National Curriculum switching girls off IT

The education system was blamed for female apathy towards careers in IT at a government conference on Wednesday

The National Curriculum is preventing girls from succeeding in IT, education experts argued at a conference organised by the government on Wednesday.

Speakers at the "Women in IT" conference hosted by the Department of Trade and Industry (DTI) and Department for Education and Skills (DfES) agreed that the education system is to blame for female apathy towards IT. Teachers in computing argued that a change in curriculum is needed to alter the negative perception that girls have towards careers in the IT sector.

Inez Ware, advanced skills teacher at King Edmund School, claimed that government teaching standards are "hindering" IT opportunities for girls. "The National Curriculum doesn't work," she said. "It doesn't give enough time to ICT in schools -- computing has been described as taking up 5 percent of the timetable."
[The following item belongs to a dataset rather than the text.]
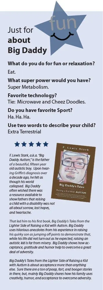 It’s safe to say that no family is ever going to be perfect, but, as we learned from Big Daddy, you can use acceptance, gratitude and humor to help overcome a great deal of adversity. Big Daddy shares from the lighter side of raising a child with autism. In an interview with him, we asked several questions about him and his family and in between laughs we understood why Big Daddy’s been called, “The Dave Barry of Autism Parenting…”. It is for that reason that he was selected as a “Super Dadvocate”.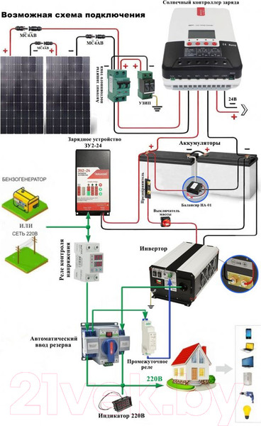 - Возможность автоматического управления работы инвертора с помощью различных реле напряжений, АВР, промконтроллеров и т.п.

A shortage of teachers qualified to teach IT in schools has resulted in a government push for cross-curricular information and communications technology (ICT) learning. But according to Ware, this often results in computing skills being taught by substandard teachers who have the most available slots within their timetable. Such staff lack the expertise to ensure that girls and boys are receiving equal amounts of time on classroom PCs. "Cross-curricular ICT reinforces the gender bias," Ware argued.
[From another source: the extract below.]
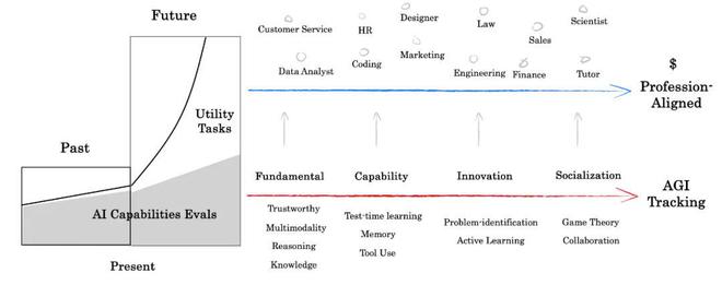 该体系创新性地将评测任务分为两条互补的主线:(1)评估AI系统的能力上限与技术边界;(2)量化AI系统在真实场景的效用价值(Utility Value)。其中,后者需要动态对齐现实世界的应用需求,基于实际工作流程和具体社会角色,为各垂直领域构建具有明确业务价值的测评标准。

Anne Cantelo, project director at e-skills NTO (the National Training Organisation for the Information Age), reinforced concerns that girls are being turned off IT at the early ages of 11-13. The secretary of state for trade and industry, Patricia Hewitt MP, also admitted that just one quarter of computer science graduates are female, while within the IT industry, just one in five professionals are women. "We need to make sure that schools have the right tools and teachers to help girls develop in IT," said Hewitt.

But according to Ware, the National Curriculum is failing to encourage girls to take up IT, as it does not take care to present the practical benefits of computing skills. "Teaching based on pushing through levels of achievement is not going to work with teaching girls IT," said Ware.

A representative of the DfES attending the conference accepted the points of criticism, but explained the need for maintaining consistency within the education system. "The curriculum needs to be kept under constant review -- but we want to avoid being criticised for tinkering too much," said Elizabeth Murray of the DfES.